A half decade of total secrecy: how I became a successful Harry Potter webmaster

Like all the scions of Harry Potter webmastery, I ruled with a gently fascist temperament.

By Nick Hilton

It’s 1999 and we’re in La Porte, Indiana. Emerson Spartz, a home schooled 12-year-old boy, has just launched MuggleNet, a site which would offer sun-dodging Harry Potter nerds around the world an online sanctuary.

I was six, I suppose, when Spartz launched MuggleNet. At that point, I was deep into my religious phase, and didn’t really have time for either Harry Potter or the internet. It wasn’t until 2002 that I fell in love with the boy wizard and the concept of lying indoors reading, rather than speaking to other children (or God).

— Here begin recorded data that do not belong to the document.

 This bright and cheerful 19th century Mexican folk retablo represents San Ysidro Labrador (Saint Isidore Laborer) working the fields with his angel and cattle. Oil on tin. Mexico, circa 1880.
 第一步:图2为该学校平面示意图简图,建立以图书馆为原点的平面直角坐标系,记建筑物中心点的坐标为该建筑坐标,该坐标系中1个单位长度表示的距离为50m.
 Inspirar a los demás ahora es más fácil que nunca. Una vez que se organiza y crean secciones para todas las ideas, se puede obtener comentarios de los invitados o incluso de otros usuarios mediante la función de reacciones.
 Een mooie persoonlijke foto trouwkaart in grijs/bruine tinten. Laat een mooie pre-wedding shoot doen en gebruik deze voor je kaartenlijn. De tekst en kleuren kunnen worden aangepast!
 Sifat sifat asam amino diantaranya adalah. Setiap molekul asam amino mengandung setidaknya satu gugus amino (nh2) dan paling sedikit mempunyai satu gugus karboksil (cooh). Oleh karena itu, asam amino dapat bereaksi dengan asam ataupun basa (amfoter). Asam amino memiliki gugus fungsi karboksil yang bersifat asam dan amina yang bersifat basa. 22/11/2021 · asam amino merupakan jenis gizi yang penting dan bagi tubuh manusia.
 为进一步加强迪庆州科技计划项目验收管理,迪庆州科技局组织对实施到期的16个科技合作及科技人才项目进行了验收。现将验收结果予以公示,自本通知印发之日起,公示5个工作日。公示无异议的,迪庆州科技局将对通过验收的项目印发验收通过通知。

Because I waited until 2002 to get interested in the series, I also missed the opportunity to teach myself how to properly use the Internet. Like most 90s kids, I was pretty au fait with Google Images and MiniClip, but the idea of building, as well as using, the internet was completely alien to me. Which makes my decision to become a successful Harry Potter Webmaster all the stranger.

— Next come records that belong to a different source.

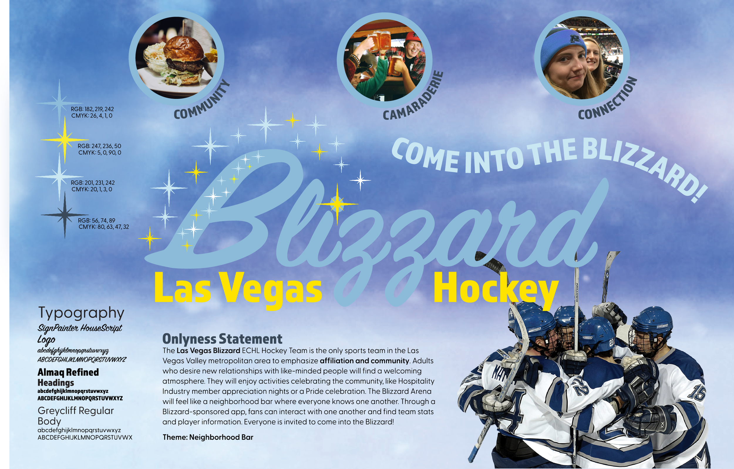 The need for affiliation needed to drive the images in all aspects of the visual designs for the Blizzard. Fans and hockey players must be shown in groups of two or more. Arenas must be shown with fans present. Scenes in the bar & grill must include multiple diners, servers, or bartenders. The people featured should be excited or joyful, in a celebratory mood. Images of food and drinks should also feature multiple items to show that the offerings are plentiful.
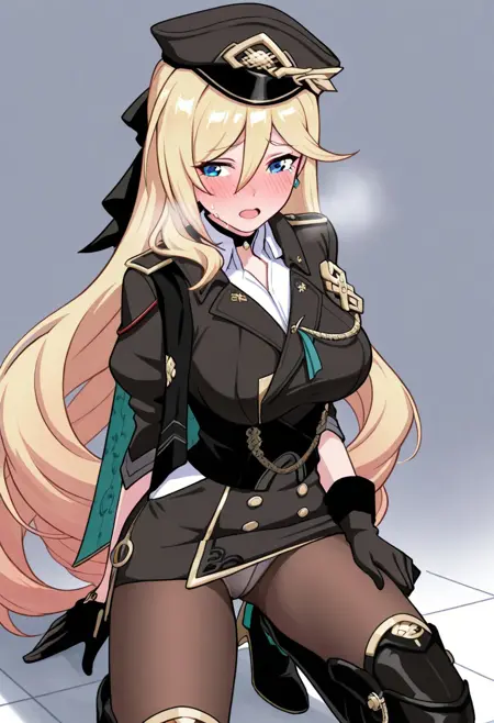 黒とゴールドのチョーカー、ターコイズのイヤリング、ゴールドとターコイズの装飾が施された黒い帽子、黒い髪リボン、ゴールドのイーパレット、黒とゴールドのタッセル、白いアンダーシャツ、黒とゴールドの二列ボタンの軍服、黒とターコイズのマント、黒とゴールドのジャケット、黒とゴールドのスカート、ショートドレス、黒とゴールドのコルセット、ゴールドのエンブレム、ゴールドのチェーン、ターコイズのリボン、パンスト、黒とゴールドの装甲付き太ももブーツ、黒い手袋、非対称の手袋、3/4ソケット
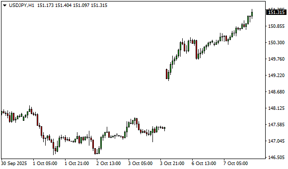 Vývoj měnového páru USD/JPY (1hodinový graf - H1):
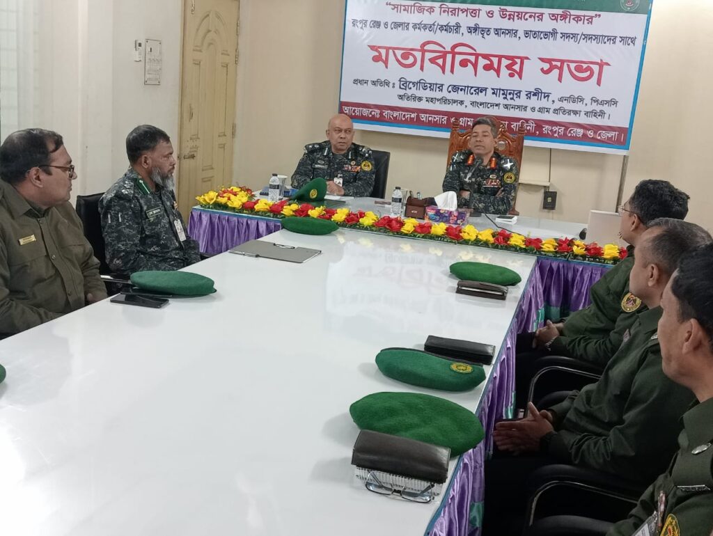 মতবিনিময় সভায় রংপুর রেঞ্জের উপমহাপরিচালক মোহাম্মদ আবদুল আউয়াল, বিভিএম, পিভিএমএস-এর সভাপতির বক্তব্যে উপমহাপরিচালক বলেন বাংলাদেশ আনসার ও গ্রাম প্রতিরক্ষা বাহিনী দেশের আইনশৃঙ্খলা রক্ষা, নির্বাচনকালীন নিরাপত্তা এবং জনসচেতনতা সৃষ্টিতে অত্যন্ত গুরুত্বপূর্ণ ভূমিকা রাখবে।
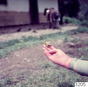 Kjell von Sneidern visar en Dendrobates (lövgroda) som chocóindianerna använder för giftegenskapernas skull som producent av hjärtverkande pilgift.
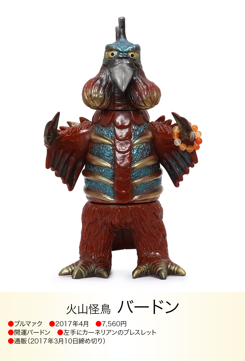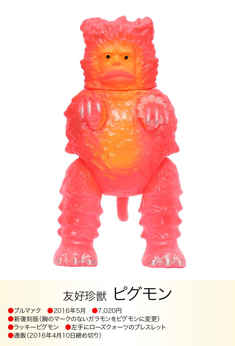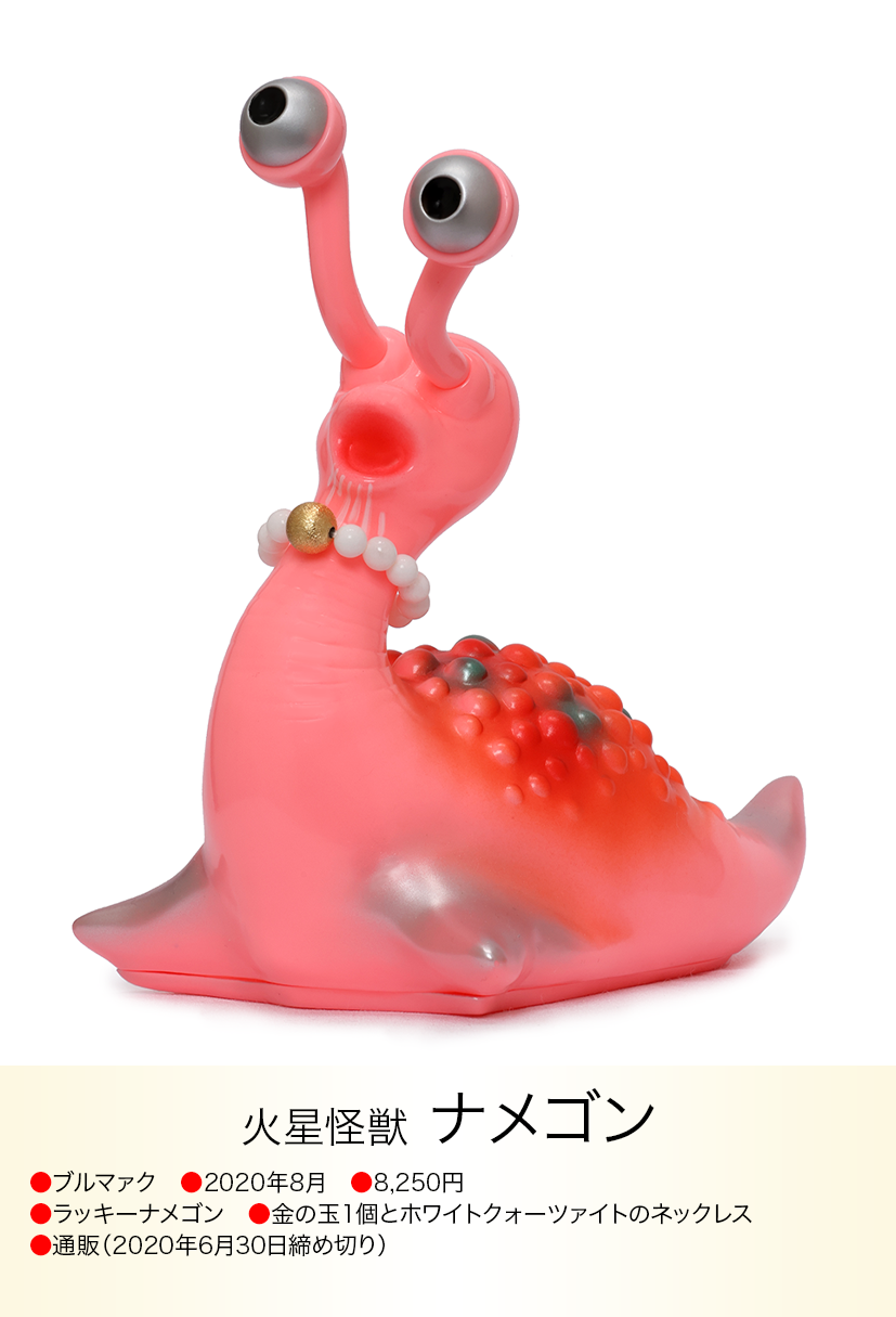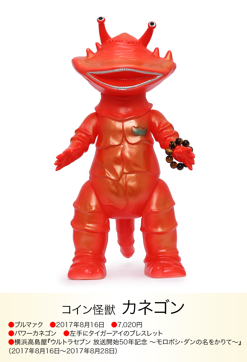 コイン怪獣 カネゴンが金運の石といわれるタイガーアイのブレスレットを左手に着けた異色コラボが、「モノ・マガジン」NO.715で紹介され、怪獣ソフビとパワーストンの思いも寄らない組み合わせが、怪獣ソフビを集めている人以外にも驚くほど人気が爆発、何度も色変えのバリエーションが発売されたブルマァクの「パワーカネゴン」。その後もラッキーピグモン、ハッピーブースカなど『ブルマァクのパワーストーンシリーズ』として、さまざまな怪獣とパワーストーンの組み合わせが発売されました。ラッキーナメゴンはパワーストーンの首飾りに一個金色の玉が入り、劇中のナメゴンが生まれる金色の卵を連想させる遊び心もあり怪獣好きを楽しませてくれました。

My first foray was a Geocities website called VHPTO. This stood for ‘Voldemort and Harry Potter Theory Organisation’ and was the first in a long line of overly complex acronyms. I was only 12 when I launched this website and I was its sole contributor and, to the best of my knowledge, its sole user. That said, I do also remember admitting making it to my school friends; an early slip in what would become a half decade of total secrecy.

Around the same time I also created my first forum, which was an intersectional hangout for fans of Harry Potter, Artemis Fowl, West Ham United and the 70s TV show M*A*S*H. The Venn diagram of these interests left me alone in the middle, on a forum of my own creation, talking to myself; a neat metaphor for my teenage years.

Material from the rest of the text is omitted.